All I want for Christmas is Clean Air
December 7, 2020

Air pollution, health and COVID-19

Maria Viegas, Public Health Director European Medical Students’ Association (EMSA), Medical student and healthcare helper in a Portuguese hospital during the COVID-19 crisis writes why she has joined #medics4cleanair

The world’s and health workers’ attention is focused on the COVID-19 pandemic. Everyday, as a medical student, I practice in a Portuguese hospital where I face the cruel consequences of the epidemic, and I can see the direct damage on my patients. And many of them die, 82 people per day in Portugal. Every life matters. But this is still just the top of the iceberg of another lethal, but invisible crisis: polluted air.

Air pollution is a major threat to human health and numbers are shocking. According to the 2020 European Environment Agency (EEA) annual report on air quality, exposure to fine particulate matter (PM) caused about 417,000 premature deaths in 41 European countries. Another pollutant coming mainly from road transport that burns fossil fuels, nitrogen dioxide (NO2), caused 54,000 premature deaths in the European Union (EU) in 2018.
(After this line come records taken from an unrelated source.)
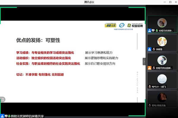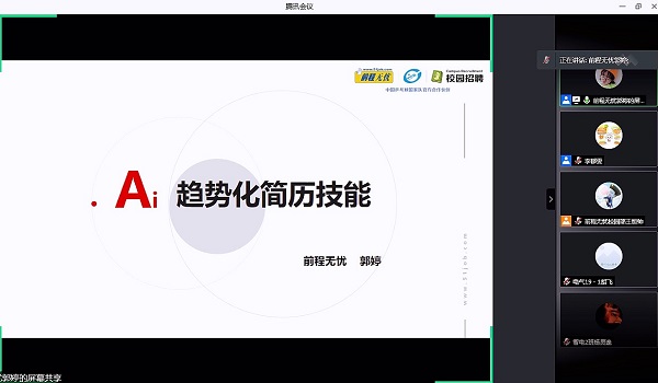 为提升学生的就业竞争力及简历制作能力,5月21日晚,必赢线路检测3003no1举行“AI趋势化简历技能”线上讲座。活动邀请了前程无忧校园部经理王恒帅全程在线互动,前程无忧校园招聘部项目执行经理郭婷老师担任主讲,百余名同学参加在线培训。
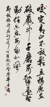當(dāng)代書法創(chuàng)作觀的發(fā)展,需要當(dāng)代書法家具有開闊的藝術(shù)視野,將書法置放在博大精深的中國(guó)文化傳統(tǒng)的大背景之下,將歷史意識(shí)、個(gè)人情感與時(shí)代審美有機(jī)結(jié)合,以個(gè)體生命的情懷感悟書法,以書法自信和文化自覺,與當(dāng)下國(guó)人的精神氣質(zhì)和當(dāng)下的現(xiàn)實(shí)生活恰切地、自然地糅合在一起。數(shù)十年的硯田辛勤耕耘,使宋華平的書法審美內(nèi)蘊(yùn)更加豐富,其行草書將晉人之韻、唐人之法、王鐸之骨盡挾筆端,以積極有為的創(chuàng)作激情投身于當(dāng)代行草書創(chuàng)作,進(jìn)而實(shí)現(xiàn)當(dāng)代書法的歷史擔(dān)當(dāng)。
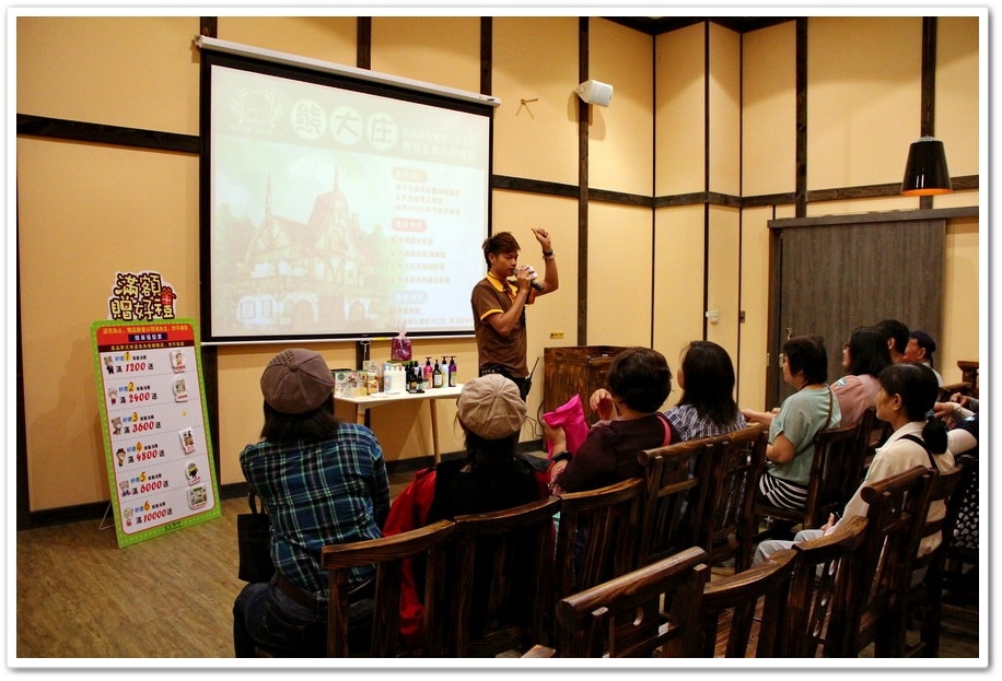首先我們進入『簡報室』,聽取講解有關『熊大庄』產品的各種知識,以及『熊大庄』建廠的由來
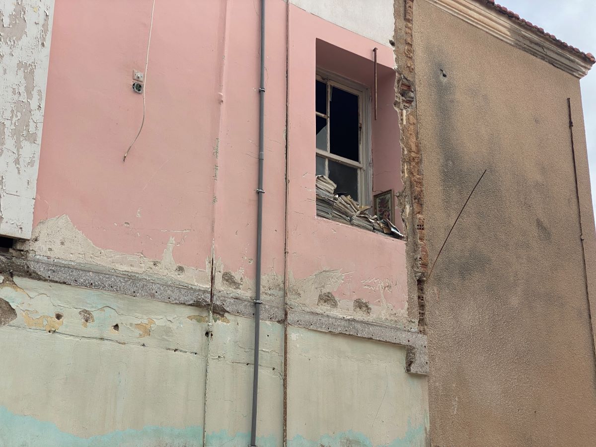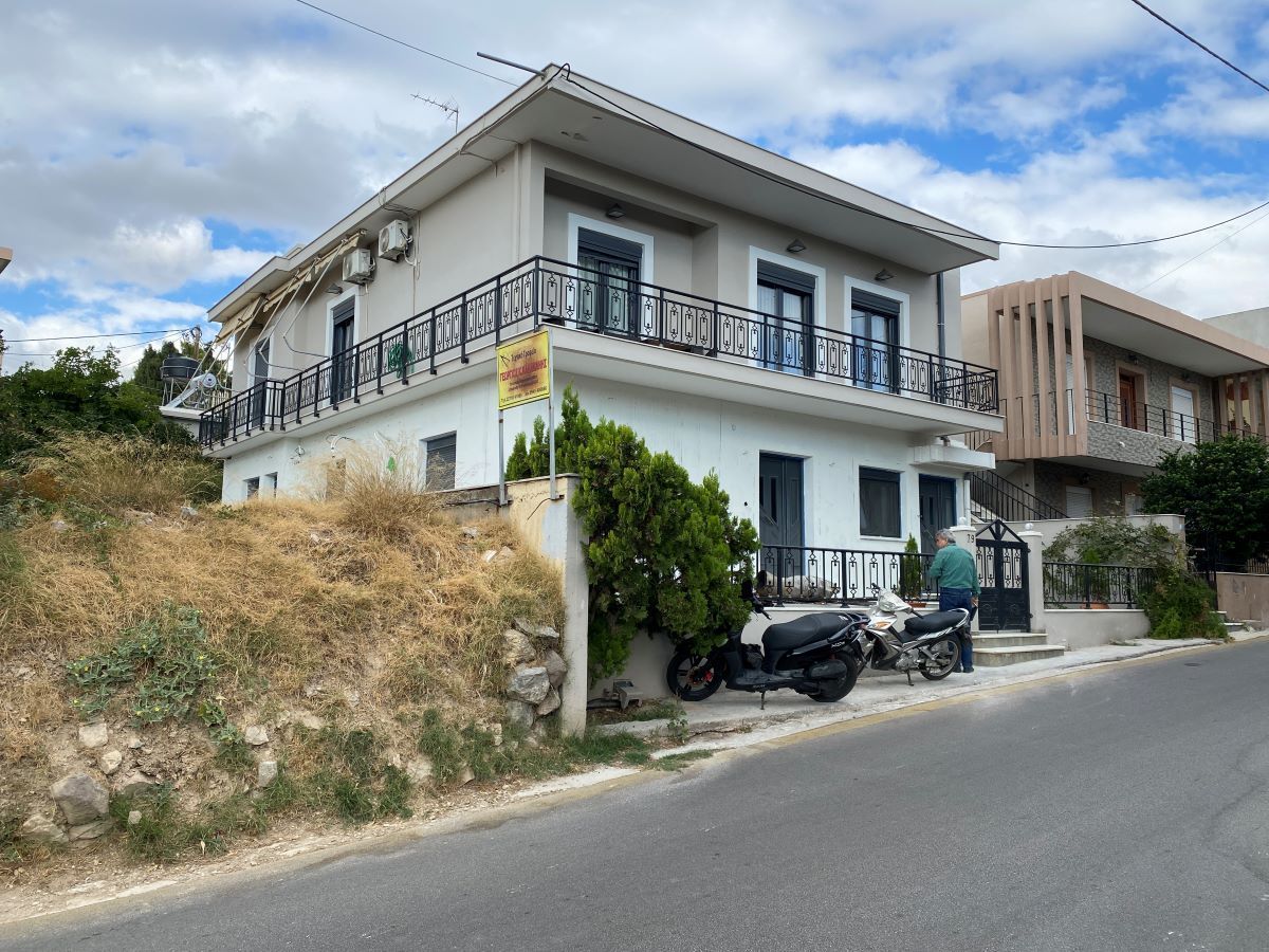 Απέναντι ένα κλειστό σπίτι, με ένα ξεχασμένο για χρόνια Ι.Χ. πίσω από μια κλειστή γκαραζόπορτα και αριστερά ένα αδιέξοδο στενάκι, απέναντι από μια μονοκατοικία και ένα διόροφο ρόζ σπίτι, με επίσης ένα φιλικό φύλακα στην είσοδο.

Evidence suggests that exposure to air pollution influences human vulnerability to COVID-19, “by aggravating co-morbidities [other health conditions] that could lead to fatal health outcomes of the virus infection”. Air pollution increases the risk of heart disease, stroke, cancers, dementia and diabetes, causes new asthma cases in children, and damages nearly every organ in our bodies. Many of the COVID-19 patients admitted to the hospital suffer from these chronic conditions.
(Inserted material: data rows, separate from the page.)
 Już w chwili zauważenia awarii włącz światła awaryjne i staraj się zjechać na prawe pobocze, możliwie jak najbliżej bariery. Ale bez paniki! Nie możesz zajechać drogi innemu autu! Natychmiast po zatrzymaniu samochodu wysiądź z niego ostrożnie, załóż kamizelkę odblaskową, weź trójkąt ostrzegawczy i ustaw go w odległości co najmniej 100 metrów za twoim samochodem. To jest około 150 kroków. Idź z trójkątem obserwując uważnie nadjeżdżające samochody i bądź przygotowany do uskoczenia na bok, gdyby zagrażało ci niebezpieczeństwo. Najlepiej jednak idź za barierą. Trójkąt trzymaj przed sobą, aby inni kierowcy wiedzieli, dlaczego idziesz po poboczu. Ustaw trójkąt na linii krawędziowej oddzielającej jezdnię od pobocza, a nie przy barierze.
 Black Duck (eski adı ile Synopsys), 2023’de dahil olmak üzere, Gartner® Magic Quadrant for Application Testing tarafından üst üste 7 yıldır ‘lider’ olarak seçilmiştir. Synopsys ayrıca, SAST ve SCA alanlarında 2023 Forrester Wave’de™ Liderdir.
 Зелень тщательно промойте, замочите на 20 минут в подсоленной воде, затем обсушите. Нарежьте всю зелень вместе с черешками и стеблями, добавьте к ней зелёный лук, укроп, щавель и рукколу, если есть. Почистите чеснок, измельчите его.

Air pollution puts more patients in the hospital but it also makes our planet sick! Leading researchers and scientist send an alarming signal in their recently published 2020 Report of the Lancet Countdown on Health and Climate Change. On the eve of the five-year anniversary of the Paris Agreement, and as we look ahead to the 26th UN Climate Change Conference of the Parties, COP26, there are catastrophic consequences of delayed action for public health, but also the health, economic and societal benefits of a robust and rapid response. I think the need for focus on clean air is demonstrated  as it is both a public health and climate emergency. The unsustainable transport sector is at the core of this issue.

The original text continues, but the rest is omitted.